Unlike the road-level digital map generation process, a large part of which is automated, the process of generating a lane-level digital map usually requires manual work at many stages. Lane detection on an urban road is more difficult because of multiple lanes, diverse road signs on the ground and complex lane variations at the junctions.
In the case of road-level map generation, it is important to reflect the direction and the curvature of the road accurately, as well as the existence of ramps and overpasses. Lane-level map generation requires more details; therefore, the individual lanes must be correctly acquired via accurate road line detection followed by appropriate parameterization. If the road is simple and has only a couple of lanes with no road signs on the ground other than the road lines, the generation of a road-level map and a lane-level map will not be very different. However, a complex boulevard in an urban area has multiple lanes and various road signs mixed with road lines. In this case, fast and accurate road line detection becomes an important issue in lane-level map generation.

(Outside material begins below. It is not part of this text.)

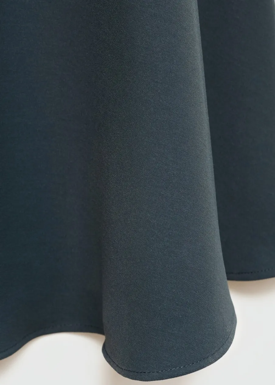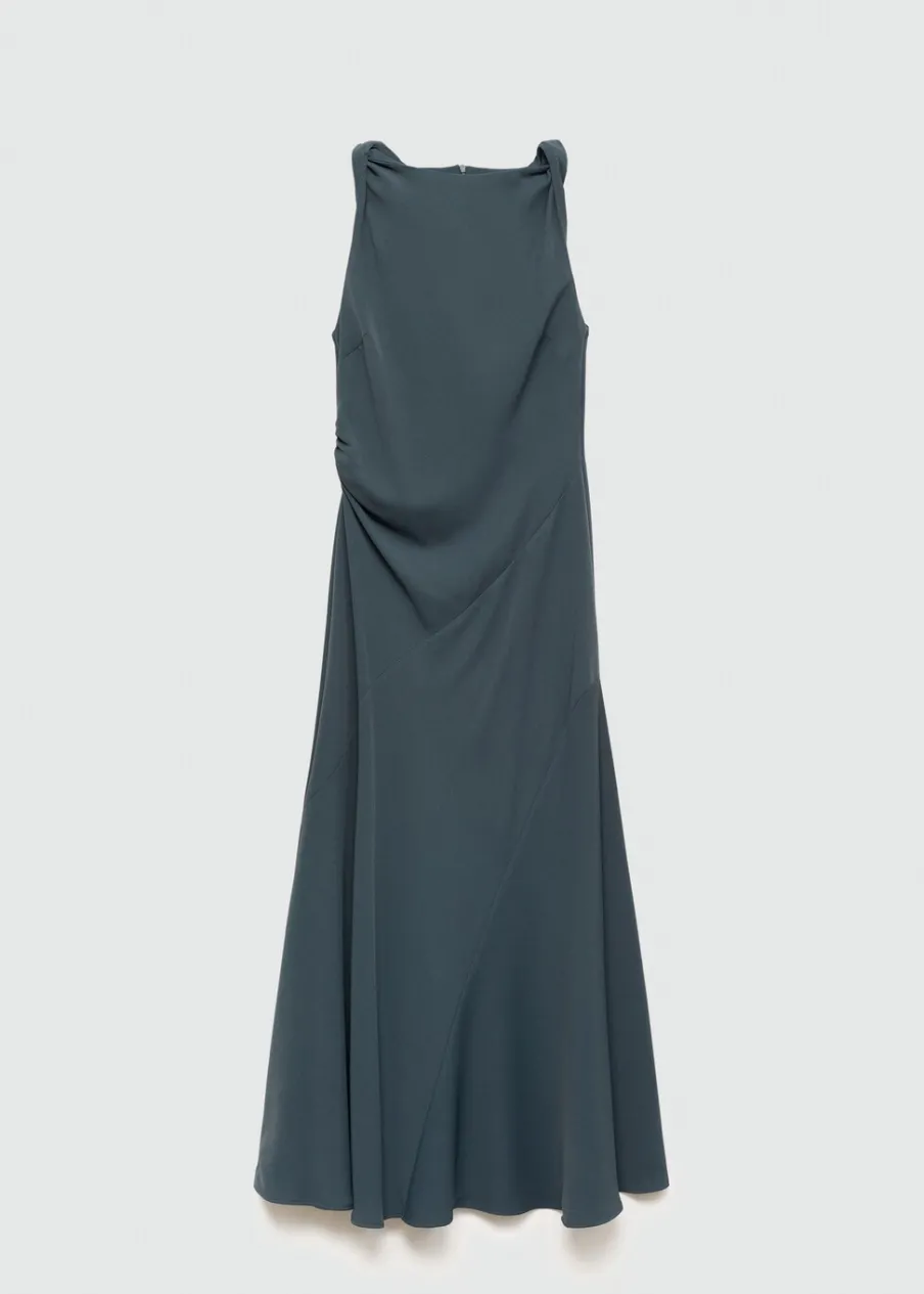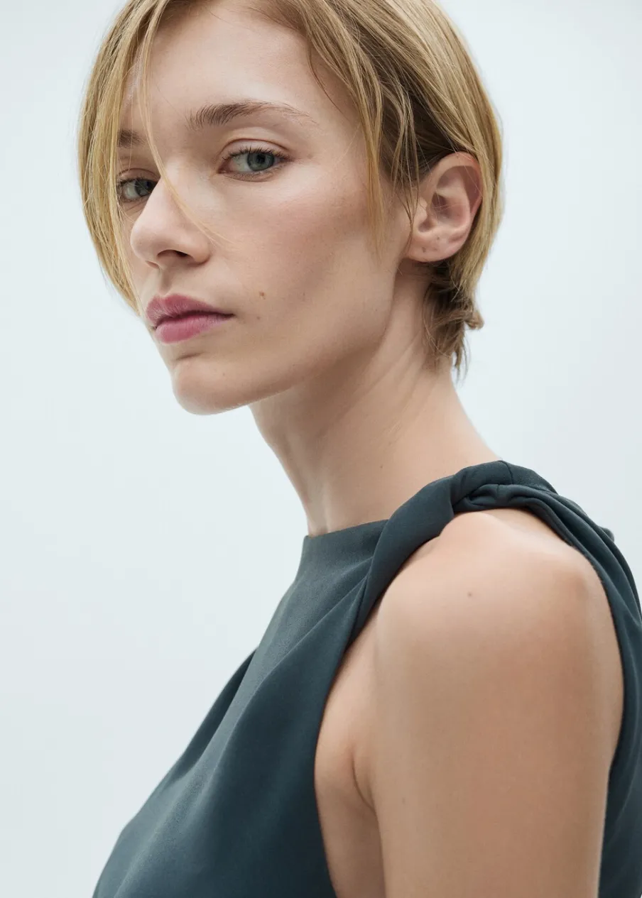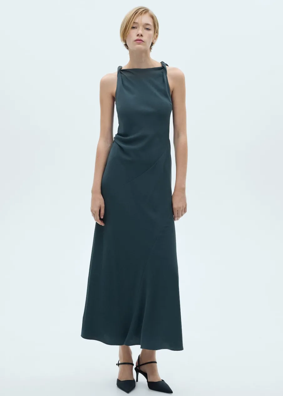 Lejąca tkanina. Model długi. Model evasé. Okrągły dekolt. Bez rękawów. Plecione szelki. Zapięcie z tyłu na kryty suwak. Modelka ma 181 cm wzrostu i nosi rozmiar S/36.

Many of the conventional road line detection methods using LiDAR data about a decade ago focused on detecting only two lines on each side of the vehicle, in order to reduce the unintended lane departures of an autonomous driving vehicle [
1,
2]. Kammel and Pitzer [
3] proposed a LiDAR-based lane marker detection method, but the purpose of the algorithm was the robust estimation and correction of an offset between the provided map and the real lane on which the autonomous vehicle was traveling. As the road was rather simple, lane markers were assumed to be either the painted road lines or the curbs with some height. Jordan et al. [
4] compared LiDAR-based and camera-based lane detection methods and summarized that the LiDAR-based methods detect an increase in the reflectivity of the lane markings when compared to the road surface reflectivity.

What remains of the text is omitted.